**Task description**
Only the stretch below from the line holding "Siyah-Beyaz Yıldızlı saç tokaları" through the line holding "그리고 참치구이와 옥수수콘이 나옵니다." should be restated, word for word and with both ends included; pictures stay out.

**Excerpted data**
◇ ◇ ◇

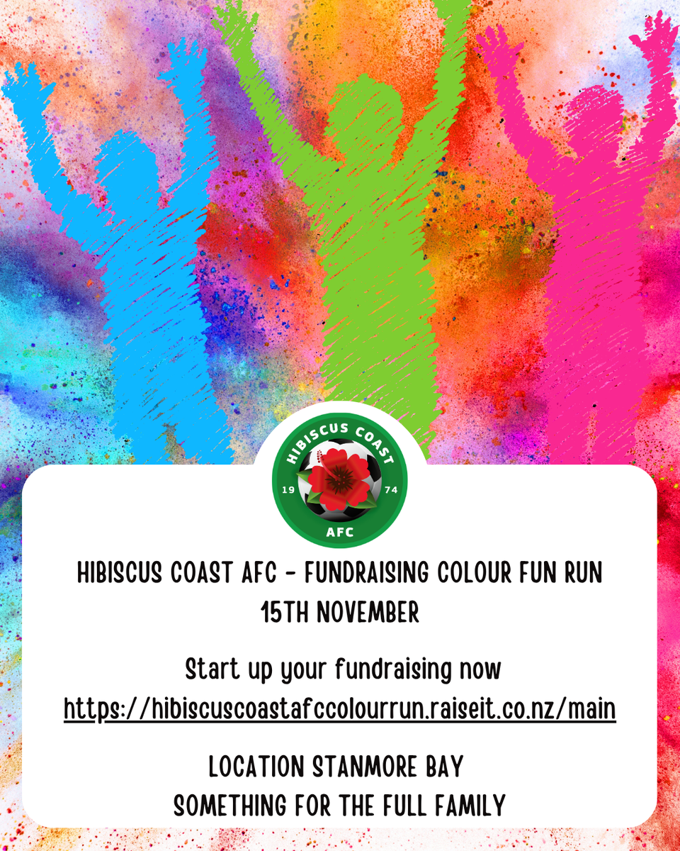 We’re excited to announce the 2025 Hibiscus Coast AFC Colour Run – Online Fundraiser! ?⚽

◇ ◇ ◇

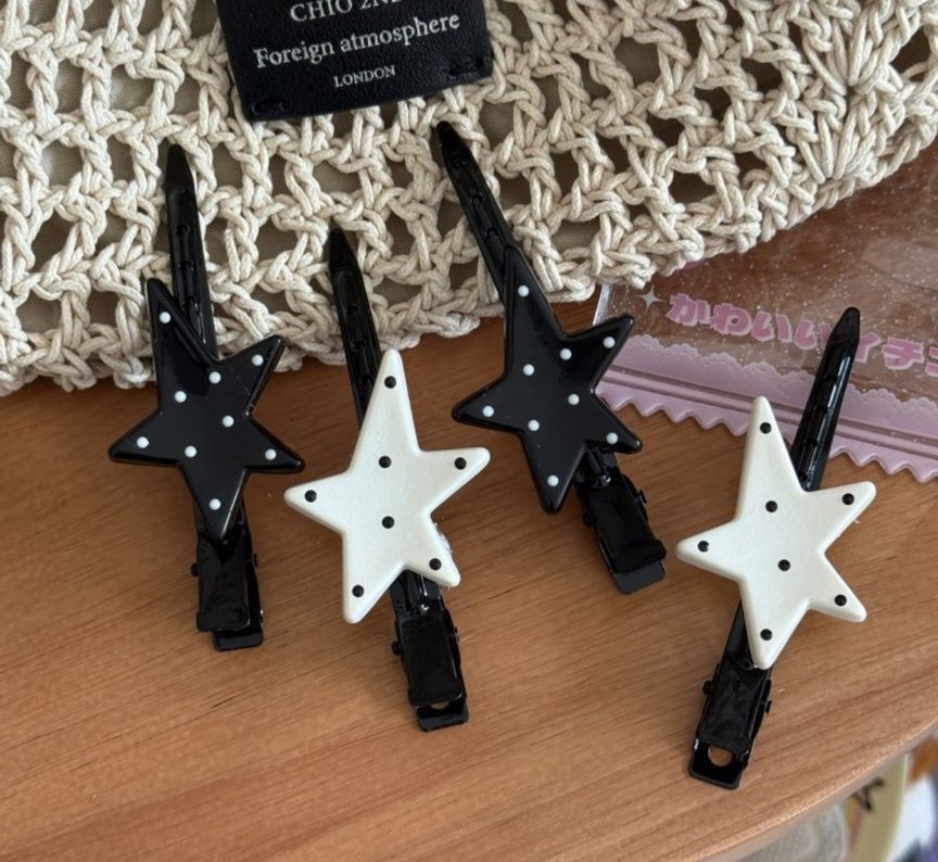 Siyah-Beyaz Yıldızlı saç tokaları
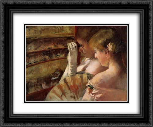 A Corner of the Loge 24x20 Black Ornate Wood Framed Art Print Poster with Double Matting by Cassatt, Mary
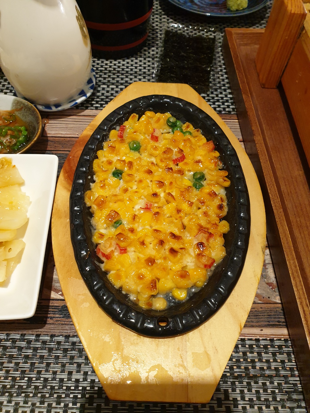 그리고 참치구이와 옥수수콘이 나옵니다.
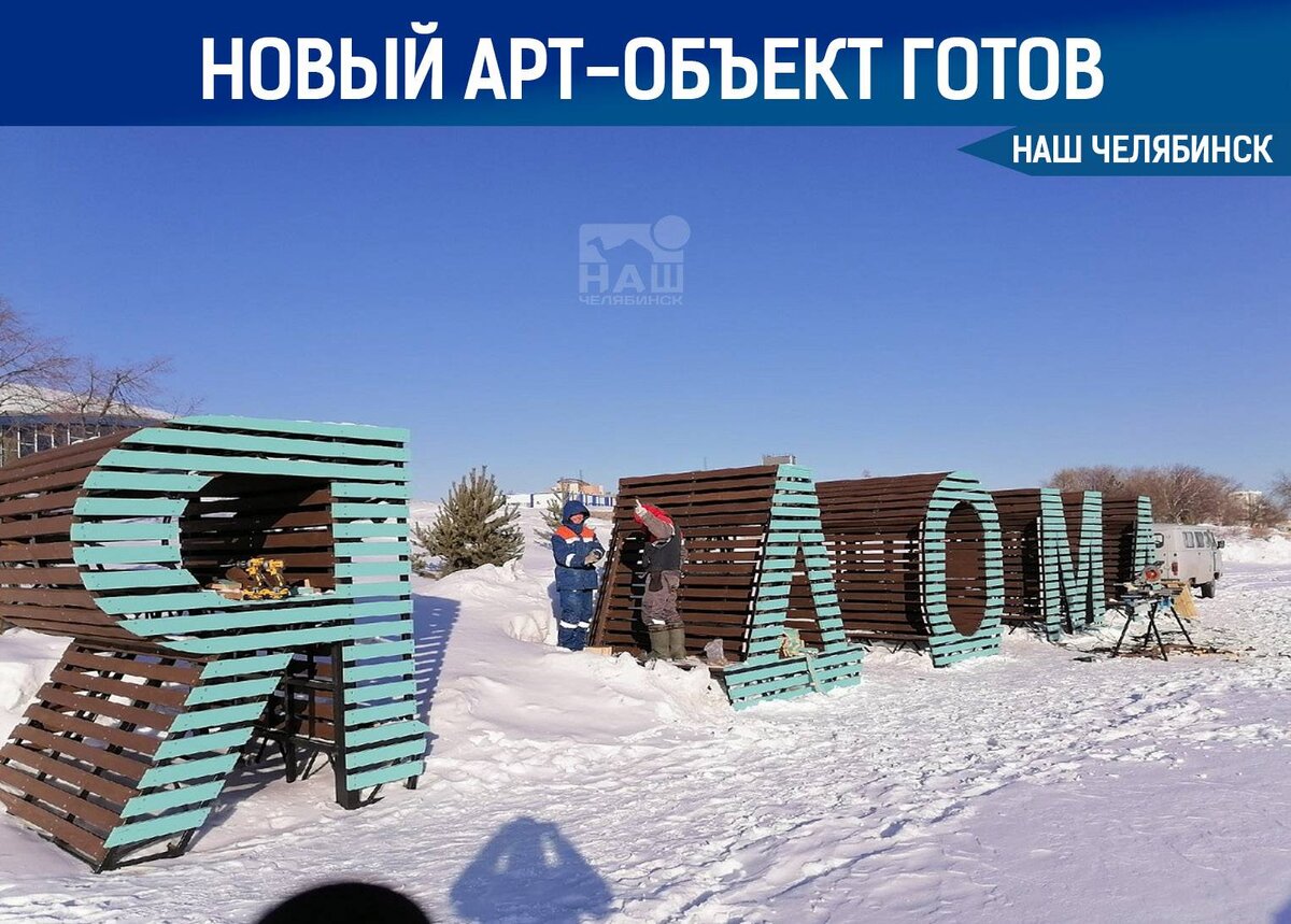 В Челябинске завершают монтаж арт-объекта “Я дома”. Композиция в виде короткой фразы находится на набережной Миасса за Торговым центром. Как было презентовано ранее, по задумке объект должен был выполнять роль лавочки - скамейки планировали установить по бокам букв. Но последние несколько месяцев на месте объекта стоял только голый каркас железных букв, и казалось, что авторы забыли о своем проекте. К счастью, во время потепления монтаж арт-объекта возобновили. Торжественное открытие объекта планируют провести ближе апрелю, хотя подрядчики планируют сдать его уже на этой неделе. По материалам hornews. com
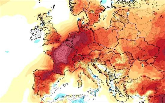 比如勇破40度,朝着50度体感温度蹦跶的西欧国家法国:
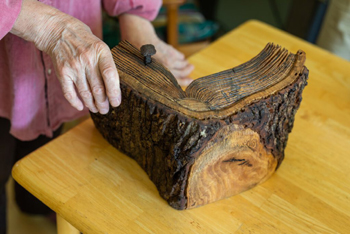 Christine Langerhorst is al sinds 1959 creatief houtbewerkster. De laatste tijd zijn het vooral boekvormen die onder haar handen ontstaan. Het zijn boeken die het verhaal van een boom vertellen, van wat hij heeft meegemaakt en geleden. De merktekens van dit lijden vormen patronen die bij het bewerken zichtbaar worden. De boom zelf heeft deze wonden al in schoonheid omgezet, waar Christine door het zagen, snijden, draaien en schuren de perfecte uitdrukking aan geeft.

◇ ◇ ◇

**Exercise result**
 Siyah-Beyaz Yıldızlı saç tokaları
 A Corner of the Loge 24x20 Black Ornate Wood Framed Art Print Poster with Double Matting by Cassatt, Mary
 그리고 참치구이와 옥수수콘이 나옵니다.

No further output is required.